We were deployed, newbies alongside professionals, to guard the streets around parliament and Westminster while rioters broke windows along Pall Mall and down in Brixton and up in Camden and east in Dalston. Even with the sudden influx of new police officers and the army reserves driving their tanks down Wardour Street, there was a nervous recognition that we were well and truly outnumbered. Riots had been commonplace for as long as I could remember, but the protestors had not yet been brought together under one banner until then. Sure enough, a messianic figurehead had emerged; a former children’s television presenter who, having grown tired of the unjust excesses of this world, had reportedly seen the light. However he had found his calling, there was something about him that brought people together, the disenfranchised and the dispossessed, the immigrants living in poverty. Before I joined the police – when I could still pass unnoticed in such places – the chatter in pubs, in coffee shops and book shops across London was almost unanimously in support of radical change. And I’ll admit, something had to be done. There was a point when I might have landed in either camp, but the violence made my decision for me. The bombings, the kidnappings and the arson were a step too far in any revolution. And there was no end in sight, despite their leader appearing on television, pleading with his followers to stop the violence and continue the fight peacefully.
Which brought us to Parliament Square, standing shoulder to shoulder with the august buildings, a procession of rioters advancing towards us along Whitehall, brandishing sticks and throwing stones. This was, of course, before most of us carried guns, and I’ll admit that I didn’t much fancy my chances against the crowd with only a stab vest and truncheon for protection. In the end, it didn’t much matter. Before the rioters could reach us, a tank fired over our heads and blew a hole in their front ranks. That’s when the rest of the army boys appeared from behind the Abbey and set up positions for their 50. calibre guns. They started firing into the crowd, their mortars whistling overhead, their rifles answering with a rhythmic tapping, all of this punctuated by the apocalyptic crack and boom of the tank firing again. A few coppers turned and ran away. A few simply took off their helmets and stared as smoke filled the square. All the while, the protestors kept coming, carrying little more than lengths of pipe, or the occasional petrol bomb.
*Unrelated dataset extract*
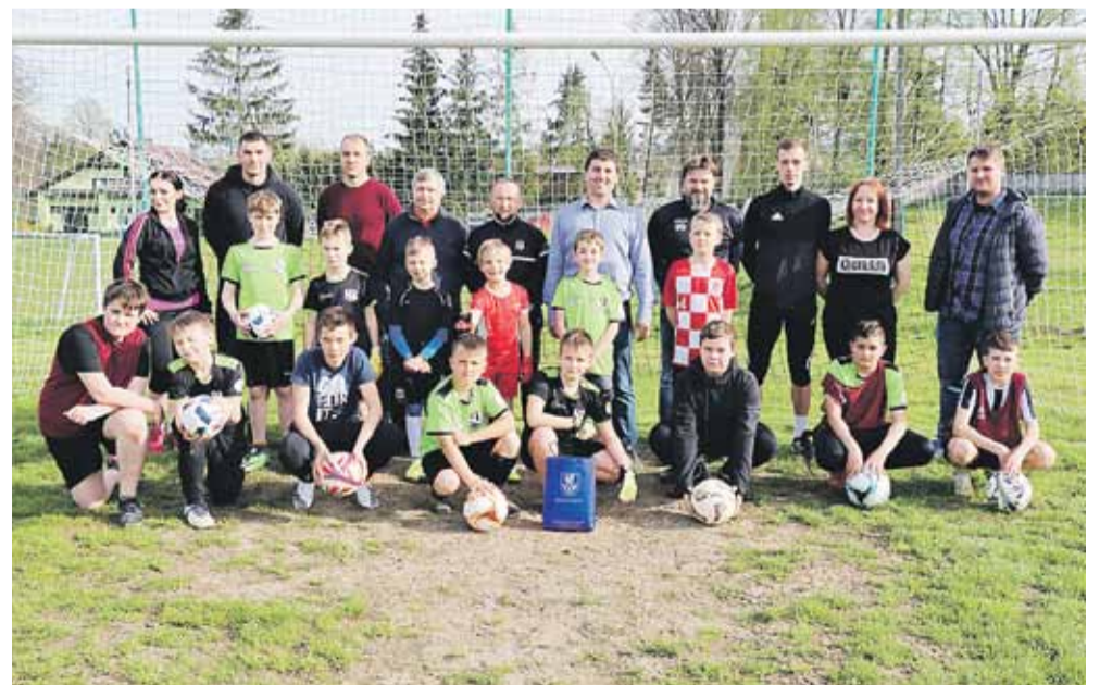
Na koniec imprezy wspólne zdjęcie

They scattered and spread out, pushing forward, ducking this way and that behind cars abandoned by their owners.
A shout shook me out of it. I turned to see two police officers running along the street towards Millbank and Lambeth Bridge. At first I thought the army might shoot them as deserters. Then I realised they were running towards a group of five protestors coming up behind us from the bridge. I ran to assist. I glanced across the river as I reached the parliamentary gardens, seeing columns of smoke. Something hot and fizzing shot past my ear. I tripped and, winded, looked up in time to see a rocket explode against parliament in sparkling greens and reds. It was a firework. The protestors were just children, three boys and two girls, none of them older than twelve. They’d come to join in, firing rockets from two lengths of scaffolding pipe in imitation of rocket launchers.
“Get out of here!” I shouted at them, waving my hand as the ground shook with tank fire.
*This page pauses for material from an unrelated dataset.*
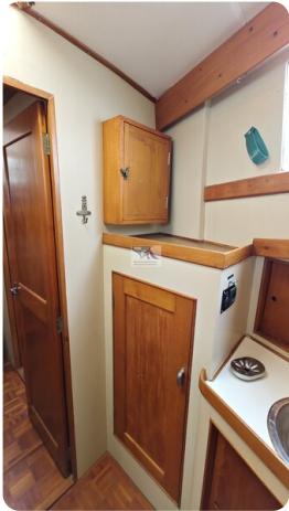
Grand Banks 48_msp789980 27

Four of the kids dropped their ammunition and ran to the cover of nearby buildings. A police officer gave chase. The last child, a boy, took off along Millbank, towards. Lambeth Bridge. The other officers would have reported me had I let him go, so I sprinted after him, across the bridge, eyes focused on the child’s running back as smoke continued to rise over the city. On the other side of the bridge the boy turned left, ran down the steps, then doubled back under the underpass. Hurrying to catch him, I turned too sharply and slipped, sliding on the wet pavement. I looked up as the kid made the other side of the tunnel. Then, a police officer I didn’t recognise appeared and slapped the kid across the face, sending him sprawling back against the wall. I could hear the crack his head made from where I knelt. I could also see that the kid wasn’t moving. The officer seemed either furious or scared out of his wits as he straddled the body and began pummelling his lifeless face.
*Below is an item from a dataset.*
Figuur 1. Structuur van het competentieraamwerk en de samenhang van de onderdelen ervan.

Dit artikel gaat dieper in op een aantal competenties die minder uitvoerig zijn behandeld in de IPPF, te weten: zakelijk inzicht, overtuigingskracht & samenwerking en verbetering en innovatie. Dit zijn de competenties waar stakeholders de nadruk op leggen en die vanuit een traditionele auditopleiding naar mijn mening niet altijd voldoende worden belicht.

By now I’d dragged myself to my feet and was running towards them. I shouted a warning then pulled the officer away. He turned and hit me with his truncheon, knocking me down again. He stood over me, ready to swing again, when a gunshot sounded, echoing along the empty tunnel. The officer looked like he was trying to focus on something for a moment, then he dropped the truncheon and slumped to the ground.
I shielded my face with my arm. When nothing happened I put it down again. A broad shouldered man with close-cropped brown hair was standing there, just inside the tunnel, a small revolver still raised. His face was blank, as though the whole thing had been confusing to him as well. He looked at me then, and for a moment I was certain that my life had come to its end after all. Instead of shooting me, he turned and threw the gun into the river, took a last look at the dead child, then hurried away down the street. I sat on the ground, breathing heavily for a moment or two, then went over to the kid and held my hand to his cheek before closing his eyes, the sounds of the tanks rattling across the river.
I didn’t report what had happened, but of course they found the dead police officer, and of course he received a posthumous medal for bravery. He was one of six new recruits to have died that day. No one asked who shot him. And no one mentioned the boy. But the issue wasn’t finished. Two days later, I was summoned before my sergeant. I was certain it was all over. But when I walked into his office there was the same tall, broad-shouldered man standing beside the desk. A detective’s badge on his belt identified him.
“Congratulations,” the sergeant said, addressing me, my single page police file open on his desk. “D.C.I. Bagby here has personally commended you for bravery during the riots. He is requesting that you join him in the detectives’ squad. Apparently, he witnessed you putting your life at risk in order to disarm a rioter. Well done.” He smiled briefly. “I shouldn’t get used to it, though. No doubt you’ll be back here with us, when all of this dies down.”
Bagby raised his eyebrows in greeting, then stepped from behind the desk. He briefly met my eyes as he said “Come on, kid. We’ve got work to do.”
Thanks for reading!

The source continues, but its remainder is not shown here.